On semi-electric models the remote control has four buttons. One pair of buttons operates the headspring section; the other pair operates the foot section. In each pair, one button raises, and the other one lowers the bed. The function of each button is indicated on the remote control. The semi-electric models have a manual crank system to raise and lower bed height.

Before elevating the head section, it is always wise to elevate the thighs first, by raising the foot section slightly. This prevents the patient from sliding down in the bed. Raising the thighs and flexing the knees in this manner also provides a more comfortable position for most individuals.

Raising or lowering the height of the bed can make getting in or out of the bed much easier. If the patient is using an ambulation aid, such as a walker or cane, the bed height can be increased to make reaching a stable standing position much safer and easier. This allows the caregiver to concentrate his or her efforts on assisting the patient rather than with struggling to lift the individual up to a standing position.

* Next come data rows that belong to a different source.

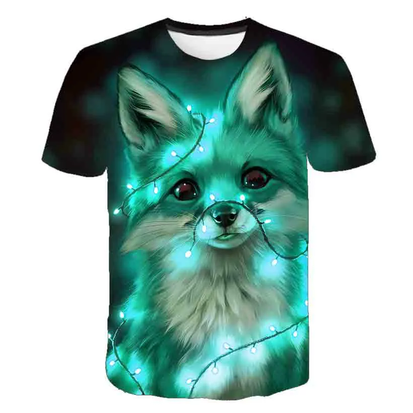 Новинка лета 2021, детская светящаяся модная футболка в уличном стиле с аниме котом, симпатичная футболка для мальчиков и девочек с 3D-принтом лисы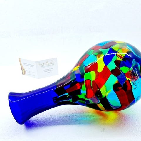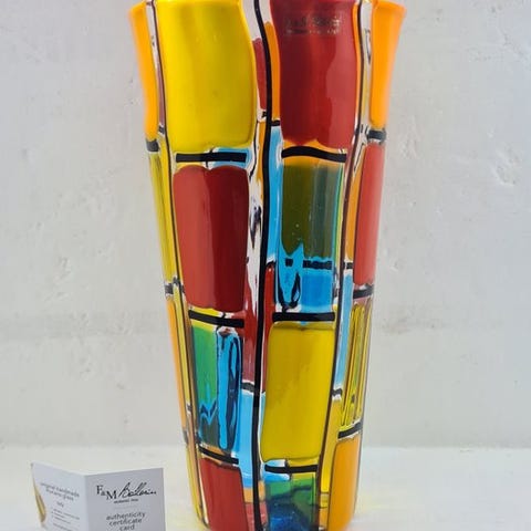 Ny, limited udgave glasvase af designer F&M Ballarin fra Murano, Italien, i designtilstand, højde 21,5 cm, bredde 13 cm, dybde 9 cm, med autencitetscertifikat. Klik på den blå "gå til varen" knap, for at købe eller byde på denne vare. Den samlede pris vil blive vist inden du afgiver dit bud.
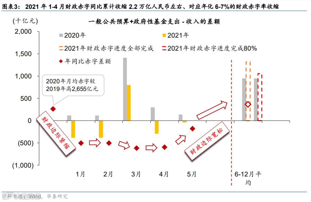 此外,2020年特殊的基数原因导致财政政策在2021年上半年大概率明显紧缩、尤其是1-4月——如我们在此前中期策略报告中所预测的,政策最紧的时候会在5月过去。
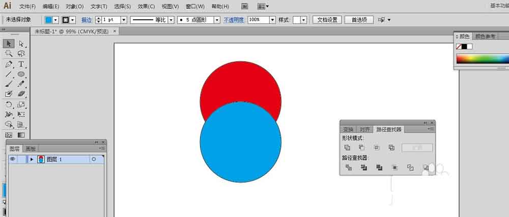 3、为了形状感受到四种形状模式的不同,现在先在画布上画出两个圆,一个填充为红色,一个填充为蓝色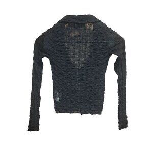 Title: Motel Rocks Sheer Crinkle Mesh Tie Front Crop Top Black Long Sleeve Women’s Small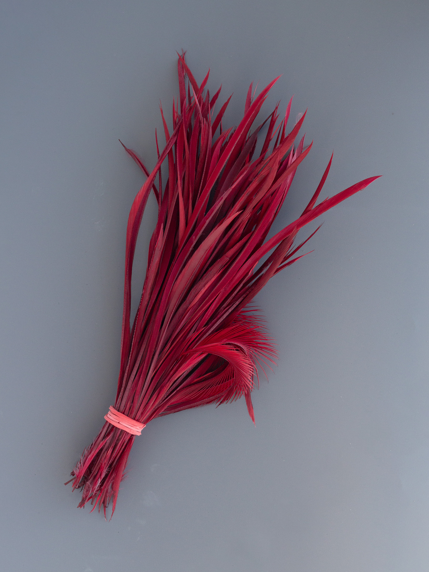 Перья гусиные окрашенные, длиной 12-18 см. Представляют собой половинку пера, за счёт чего их можно согнуть в кольцо, получив необычный и удивительный эффект "лучиков", который можно использовать для создания одуванчиков и просто различных акцентов в создании цветов.

For transfers to and from a wheelchair or bedside commode the bed height can be set slightly higher for transfers out of the bed, and slightly lower for transfers back into bed. This makes transfers easier by using the assistance of gravity.

It is extremely important that the wheel locks be applied on the two locking casters any time the patient is entering or leaving the bed to prevent the bed from rolling away and causing a fall. Even with these locks applied, patients who are unstable on their feet should not attempt to enter or exit the bed without assistance. Even though the wheels may not turn, the casters may slide on the floor, allowing the bed to shift, causing an accident. An attendant or caregiver should be present to assist the patient and to help stabilize the bed.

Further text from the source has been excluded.